Cr + 2Mo: 2.00 to 8.00%, preferably 2.00 to 6.00%
Cr + 2Mo needs to be at least 2.00% to improve wear resistance. However, if there is too much Cr + 2Mo, the workability deteriorates. Therefore, Cr + 2Mo is 2.00 to 8.00%, preferably 2.00 to 6.00%.

√ (major axis × minor axis): 2 μm or more of carbide is 2% or less in area ratio √ (major axis × minor axis) of carbide having 2 μm or more lowers pitting resistance. Below 2%, the decrease is in an acceptable range. Therefore, √ (major axis × minor axis): Carbide of 2 μm or more is 2% or less in terms of area ratio.

C: 0.15 to 0.60%, preferably 0.20 to 0.45%
C is an element necessary for ensuring the hardness of the core of the high surface pressure component. For that purpose, C is required to be 0.15% or more. However, when there is too much C, workability will deteriorate. Therefore, C is 0.15 to 0.60%, preferably 0.20 to 0.45%.

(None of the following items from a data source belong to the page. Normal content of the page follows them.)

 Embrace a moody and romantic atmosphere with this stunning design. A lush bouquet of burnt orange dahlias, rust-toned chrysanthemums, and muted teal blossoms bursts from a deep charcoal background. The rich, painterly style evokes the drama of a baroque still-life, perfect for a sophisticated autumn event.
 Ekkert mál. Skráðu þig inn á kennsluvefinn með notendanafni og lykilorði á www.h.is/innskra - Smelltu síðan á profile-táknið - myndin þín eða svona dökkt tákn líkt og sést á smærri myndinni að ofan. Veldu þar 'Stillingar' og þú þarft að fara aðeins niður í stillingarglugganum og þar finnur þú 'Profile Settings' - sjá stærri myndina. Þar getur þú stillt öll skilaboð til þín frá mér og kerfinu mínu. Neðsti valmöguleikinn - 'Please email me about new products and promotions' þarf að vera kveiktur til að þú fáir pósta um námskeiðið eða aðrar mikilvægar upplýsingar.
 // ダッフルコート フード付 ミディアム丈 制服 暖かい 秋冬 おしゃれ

Si: 0.01 to 2.00%, preferably 0.30 to 1.00%
Si is an element necessary for deoxidation, and is also an element effective for improving temper softening resistance. For that purpose, Si needs to be 0.01% or more. However, when there is too much Si, the effect of the temper softening resistance is saturated, and further, the hardness is increased and the workability is deteriorated. Therefore, Si is 0.01 to 2.00%, preferably 0.30 to 1.00%.

Mn: 0.01 to 2.00%, preferably 0.30 to 1.50%
Mn is an element necessary for ensuring hardenability, and for that purpose, 0.01% or more is necessary. However, when there is too much Mn, hardness will rise and workability will deteriorate. Therefore, Mn is 0.01 to 2.00%, preferably 0.30 to 1.50%.

Al: 0.003 to 0.050%
Al is an element necessary for deoxidation, and deoxidation is insufficient at 0.003% or less. However, if there is too much Al, non-metallic inclusions are generated and the fatigue strength decreases. Therefore, Al is made 0.003 to 0.050%.

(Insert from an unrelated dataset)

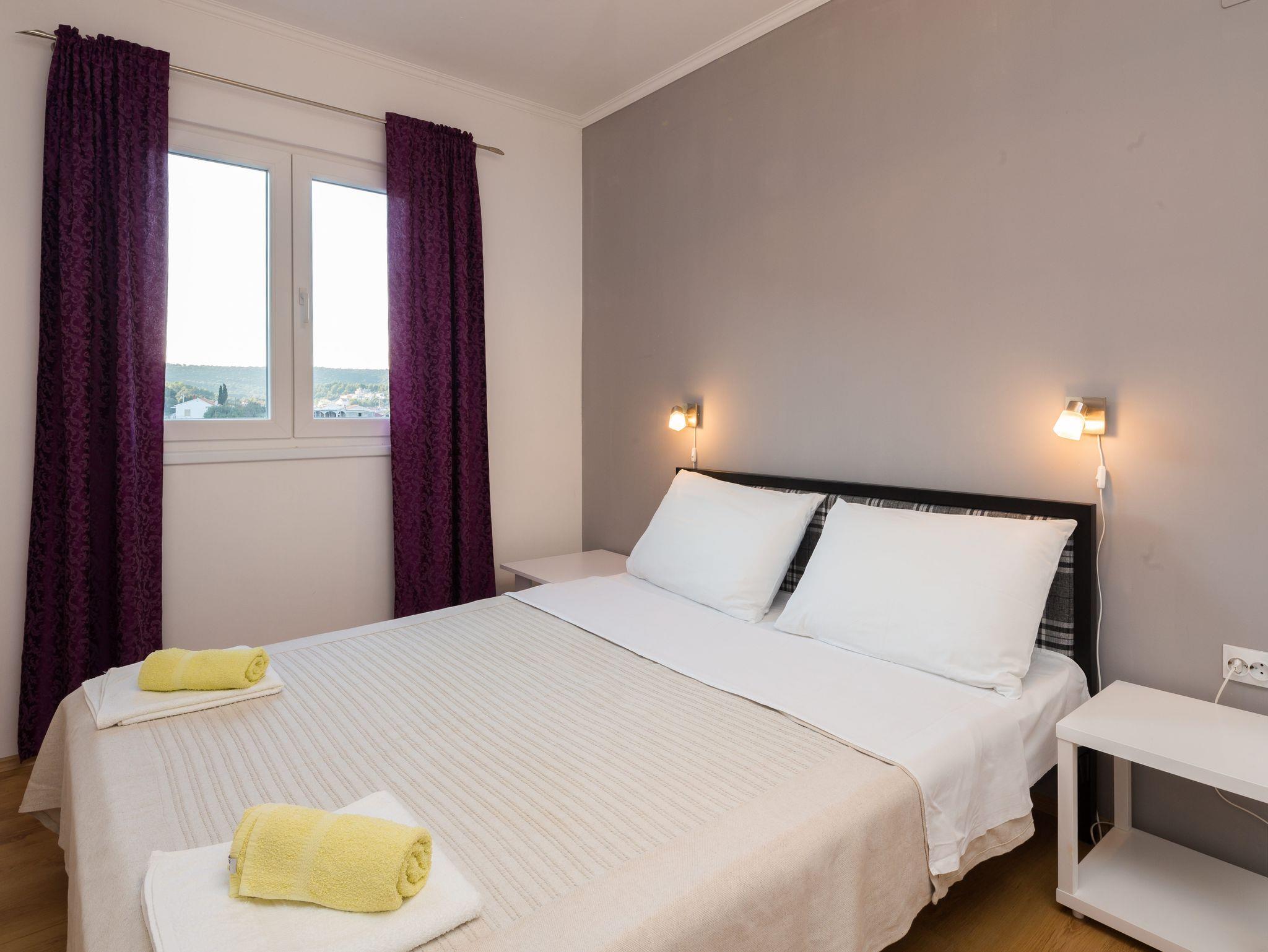 Ferienwohnung bietet Platz für 5 Gäste. Die Betten sind in Schlafzimmern, die es 2 gibt, und in Wohnzimmer, innerhalb einer Gesamtfläche von 57m2, angeordnet. Die Gäste haben eine eigene Terrasse zur Verfügung, auf der sie in warmen Sommernächten genießen können. Das Apartment bietet Meerblick. Es ist erlaubt, Speisen auf dem Gemeinschafts-Grill vorzubereiten. IM PREIS INBEGRIFFEN: Kurtaxe, Endreinigung, Klimatisierung, Parkplatz, Internet, Kinderbett, Bügeleisen, Bügelbrett, Föhn, Sonnenschirm, Liegestühle. VERBINDLICHE ZUSÄTZLICHE KOSTEN: Aufzahlung für Kurzaufenthalte (prozentualer Zuschlag pro Nächtigungsanzahl: 30% - 1, 20% - 2, 10% - 3). UNVERBINDLICHE ZUSÄTZLICHE KOSTEN: Wäschewaschen (10,00 € Waschen). Die Verfügbarkeit zusätzlicher Dienstleistungen in Ihrem reservierten Termin und die Preise derselben (falls nicht aufgeführt) müssen im Voraus überprüft werden. Zusätzliche Dienstleistungen die in der Zahlungsaufforderung nicht aufgeführt sind werden direkt beim Vermieter bezahlt, angenommen der Gast nutzt auch diese. Ermäßigung auf den Grundpreis: Gratistag 21=19 (bei einem Aufenthalt von 21 Tagen oder mehr erhalten Sie 2 Gratistage für den Aufenthalt bis 31.12.26).

N: 0.005 to 0.100%, preferably 0.008 to 0.020%
N forms Al and AlN to prevent coarsening of crystal grains during carburization. However, if N is less than 0.005%, the effect is small, and if it exceeds 0.100%, the effect of preventing the coarsening of crystal grains is saturated. Therefore, N is 0.005 to 0.100%, preferably 0.008 to 0.020%.

Ni: 0.1 to 2.0%
Ni is an element effective for improving toughness. However, Ni is less effective at less than 0.1%. On the other hand, if Ni is more than 2.0%, the workability is deteriorated and the cost is increased. Therefore, Ni is set to 0.1 to 2.0%.

B: 0.0001 to 0.0020%
B is an element effective for improving hardenability. However, if B is less than 0.0001%, the effect is not obtained. On the other hand, even if B exceeds 0.0020%, the effect is saturated. Therefore, B is set to 0.0001 to 0.0020%.

V: 0.01 to 0.50%
V is an element effective for grain refinement. However, when V is less than 0.01, there is no effect. On the other hand, even if V exceeds 0.50%, the effect of crystal grain refinement is saturated, resulting in an increase in cost. Therefore, V is set to 0.01 to 0.50%.

Nb: 0.01-0.20%
Nb is an element effective for grain refinement. However, if Nb is less than 0.01, the effect is not obtained. On the other hand, even if Nb exceeds 0.20%, the effect of crystal grain refinement is saturated and the cost increases. Therefore, Nb is set to 0.01 to 0.20%.

Ti: 0.01-0.20%
Ti is an element effective for grain refinement. However, when Ti is less than 0.01, there is no effect. On the other hand, even if Ti exceeds 0.20%, the effect of crystal grain refinement is saturated and workability deteriorates. Therefore, Ti is Ti: 0.01 to 0.20%.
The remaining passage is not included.